As far as I understand, the final decision is to use wchar_t (utf-32).
And, as far as I can see, wchar_t is used under wxAndroid too - well,
it is almost Linux.
Now, I think, with wxAndroid, it would be better to use utf-8. My arguments:
- usually there's far less memory,
- and far less CPU (for conversions),
- and I think, for other reasons too, people won't be able to just
drop huge codebases into wxAndroid as is, therefore, it's much more
realistic to ask them to review their code to address string indexing
problems.

BTW, AFAIK, under android, java uses utf-16, c/c++ uses utf-8, so, to
make things more complete, why not use utf-32 in wx? :)

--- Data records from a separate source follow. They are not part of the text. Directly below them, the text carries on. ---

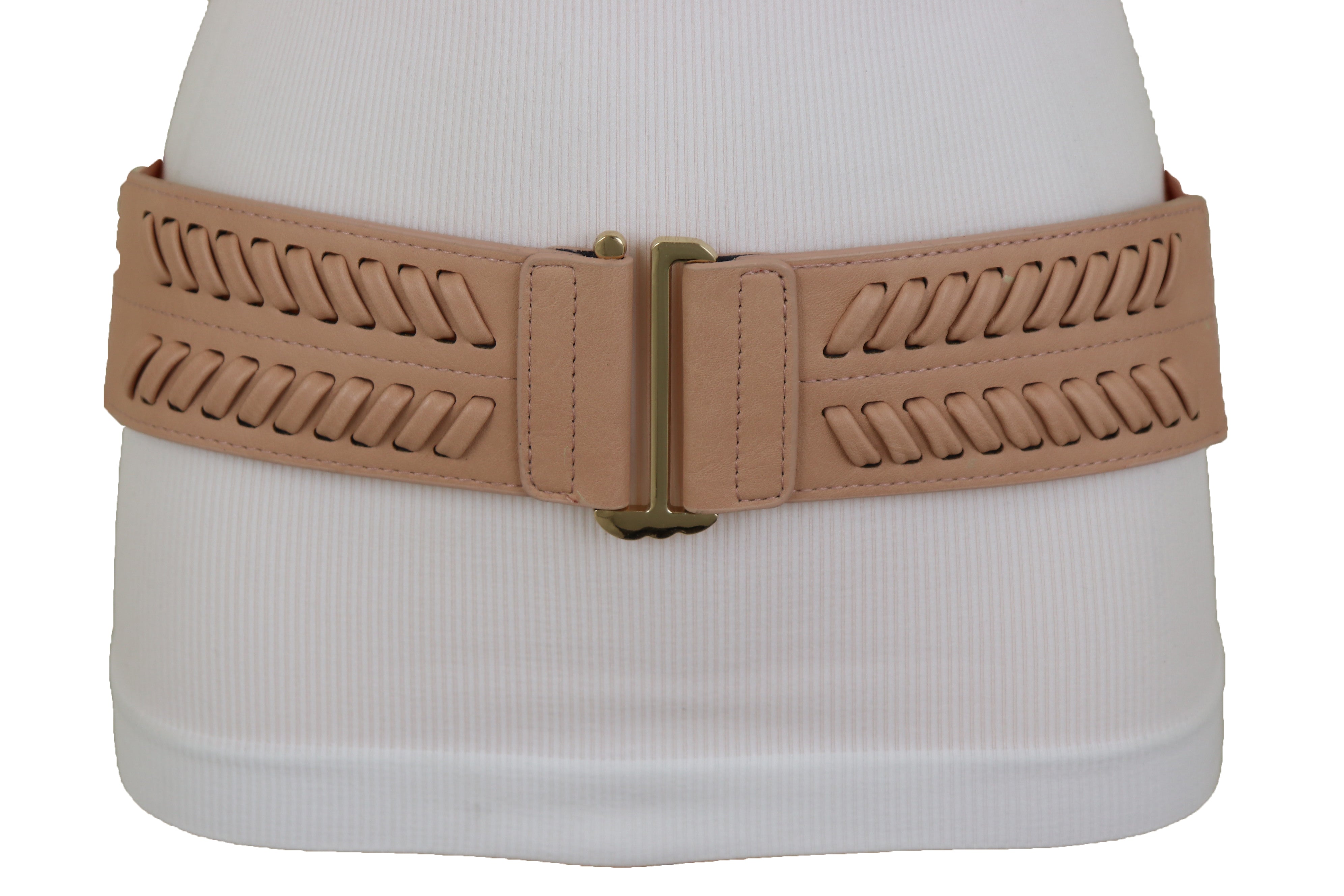 Pastel Pink Stripes Arrow Faux Leather Elastic Belt Gold Buckle Size S M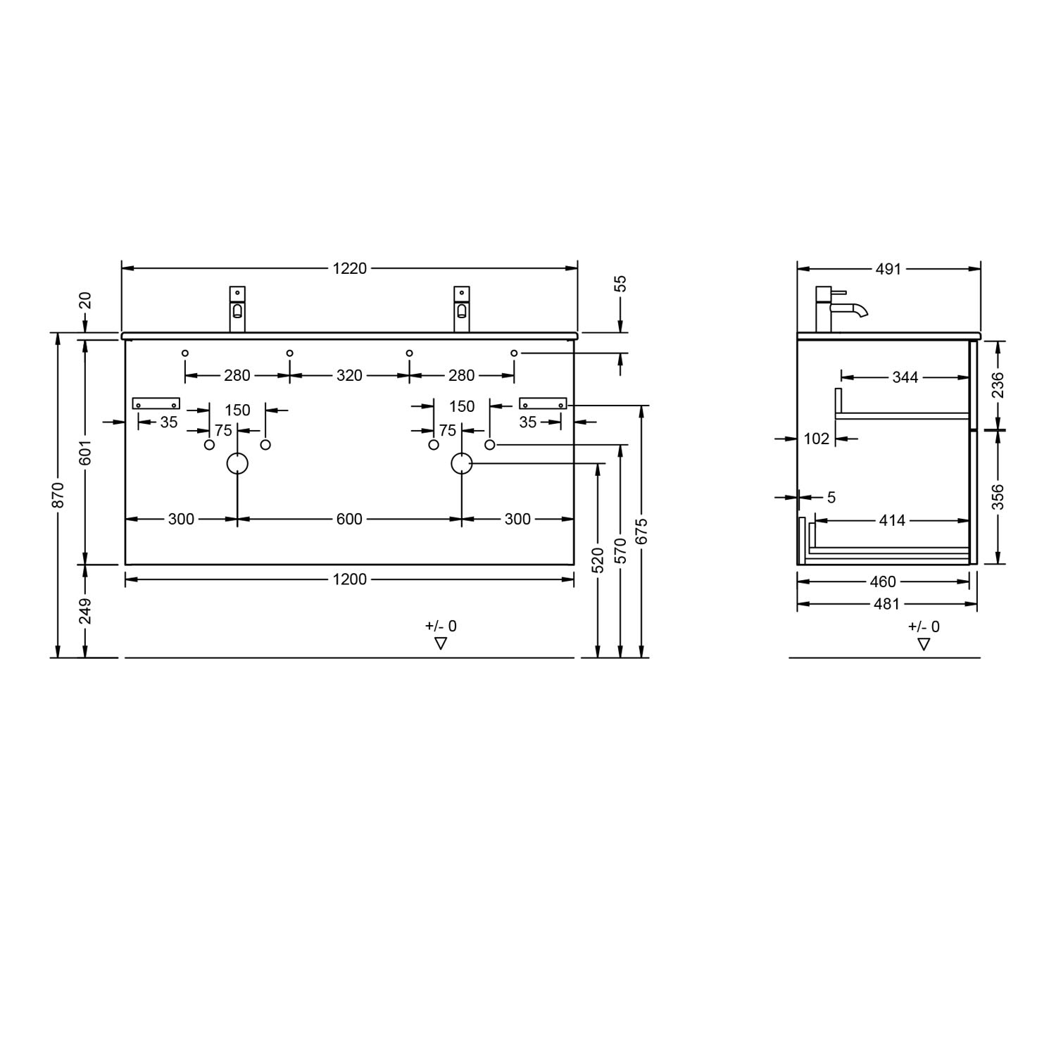 burgbad Eqio Waschtischkombination mit Keramik-Doppelwaschtisch Slim, 122 cm, mit Griffleiste G0252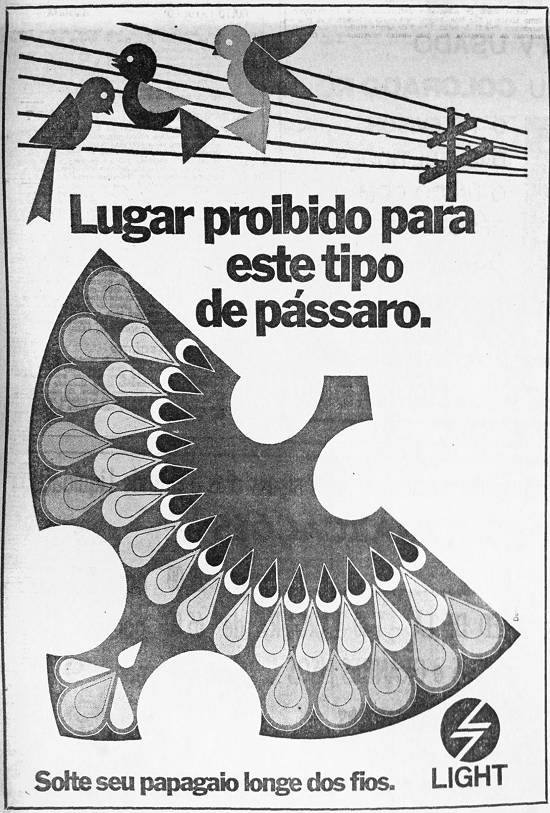 Light Serviços de Eletricidade - campanha "Solte seu papagaio longe dos fios" Publicado no jornal santista A Tribuna em 27 de julho de 1972, na página 8
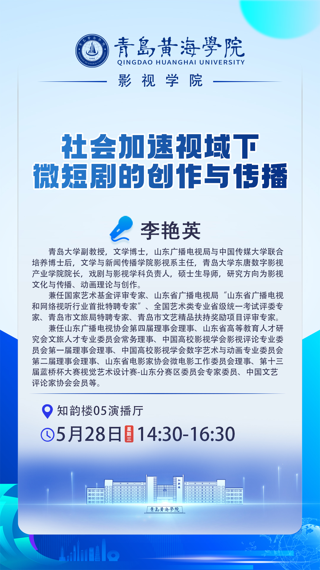 专家简介:李艳英,青岛大学副教授,文学博士,山东广播电视局与中国传媒大学联合培养博士后,文学与新闻传播学院影视系主任,青岛大学东唐数字影视产业学院院长,戏剧与影视学科负责人,硕士生导师,研究方向为影视文化与传播、动画理论与创作。兼任国家艺术基金评审专家、山东省广播电视局“山东省广播电视和网络视听行业首批特聘专家”、全国艺术类专业省级统一考试评委专家、青岛市文旅局特聘专家、青岛市文艺精品扶持奖励项目评审专家。兼任山东广播电视协会第四届理事会理事、山东省高等教育人才研究会文旅人才专业委员会常务理事、中国高校影视学会影视评论专业委员会第一届理事会理事、中国高校影视学会数字艺术与动画专业委员会第二届理事会理事、山东省电影家协会微电影工作委员会理事、第十三届蓝桥杯大赛视觉艺术设计赛-山东分赛区委员会专家委员、中国文艺评论家协会会员等。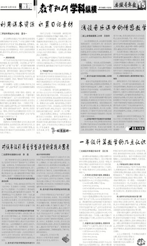 校本教研 利用课本资源 积累日记素材 教学反思 对低年级引导自学型课堂的实践与思考 素质与创新 浅谈音乐课中的情感教学 教育案例 一年级计算教学的几点认识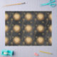 This celestial design showcases golden suns and scepters on a black background. Perfect for decoupage artwork, paper crafts, or gift wrapping.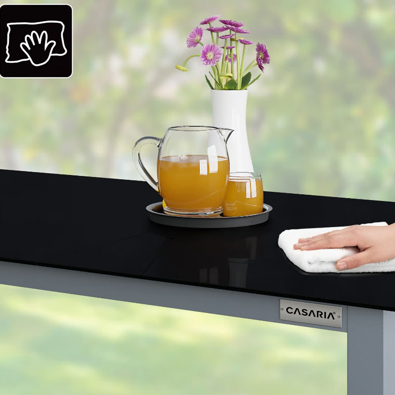 Die Reinigung des Tisches ist denkbar einfach: Die Glasplatten und der Aluminiumrahmen lassen sich mühelos mit einem feuchten Tuch und mildem Reiniger säubern. Da Aluminium ein Leichtmetall ist, lässt sich der Tisch trotz seiner Größe bei Bedarf einfach versetzen.

On the other hand, seems like wchar_t is not really supported under
android NDK. So, if we use it to represent wxString, will wx use some
(any) wide version of character functions (like vswprintf, wcsrtombs,
etc., see android's wchar.h)?

So, what do you think?

Best Regards,
Zsolt

Vadim Zeitlin

unread,
May 25, 2012, 5:52:39 AM5/25/12
to wx-...@googlegroups.com
On Fri, 25 May 2012 11:08:27 +0200 Bakcsi Zsolt wrote:

BZ> As far as I understand, the final decision is to use wchar_t (utf-32).

Yes, by default.

BZ> Now, I think, with wxAndroid, it would be better to use utf-8. My arguments:
BZ> - usually there's far less memory,
BZ> - and far less CPU (for conversions),
BZ> - and I think, for other reasons too, people won't be able to just
BZ> drop huge codebases into wxAndroid as is, therefore, it's much more
BZ> realistic to ask them to review their code to address string indexing
BZ> problems.

I'd agree with all of the above but only if Java used it...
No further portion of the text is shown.